• **DIRECTIONS FOR THIS TASK**:
Once you reach the line containing "El sorteo del" in the entries below, write out that line and each one after it down to the line containing "4.0.13 民用建筑内的库", exactly and with nothing added.

• **INFORMATION PROVIDED**:
'''

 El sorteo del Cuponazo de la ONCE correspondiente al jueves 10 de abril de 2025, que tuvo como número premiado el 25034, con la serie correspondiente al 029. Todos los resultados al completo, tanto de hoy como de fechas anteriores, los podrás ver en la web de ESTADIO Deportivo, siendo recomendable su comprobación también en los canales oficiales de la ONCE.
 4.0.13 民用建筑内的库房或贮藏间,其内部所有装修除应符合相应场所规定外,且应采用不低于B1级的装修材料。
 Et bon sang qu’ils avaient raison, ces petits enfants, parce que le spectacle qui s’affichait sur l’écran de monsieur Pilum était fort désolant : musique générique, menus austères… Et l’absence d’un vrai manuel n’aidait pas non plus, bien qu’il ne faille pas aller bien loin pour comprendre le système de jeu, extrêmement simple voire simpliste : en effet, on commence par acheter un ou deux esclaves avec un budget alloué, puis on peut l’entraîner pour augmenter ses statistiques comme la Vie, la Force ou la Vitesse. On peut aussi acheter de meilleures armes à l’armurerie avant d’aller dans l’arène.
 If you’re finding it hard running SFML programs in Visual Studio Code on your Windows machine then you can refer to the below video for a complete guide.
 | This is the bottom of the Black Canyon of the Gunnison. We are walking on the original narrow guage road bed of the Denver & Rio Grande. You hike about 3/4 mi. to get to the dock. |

'''
'''

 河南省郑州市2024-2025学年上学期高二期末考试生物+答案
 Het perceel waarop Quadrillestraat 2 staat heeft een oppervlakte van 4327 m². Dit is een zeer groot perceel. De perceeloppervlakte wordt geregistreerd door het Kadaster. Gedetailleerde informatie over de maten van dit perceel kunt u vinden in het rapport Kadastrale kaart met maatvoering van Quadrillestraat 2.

'''

• **WRITTEN RESPONSE**:
 El sorteo del Cuponazo de la ONCE correspondiente al jueves 10 de abril de 2025, que tuvo como número premiado el 25034, con la serie correspondiente al 029. Todos los resultados al completo, tanto de hoy como de fechas anteriores, los podrás ver en la web de ESTADIO Deportivo, siendo recomendable su comprobación también en los canales oficiales de la ONCE.
 4.0.13 民用建筑内的库房或贮藏间,其内部所有装修除应符合相应场所规定外,且应采用不低于B1级的装修材料。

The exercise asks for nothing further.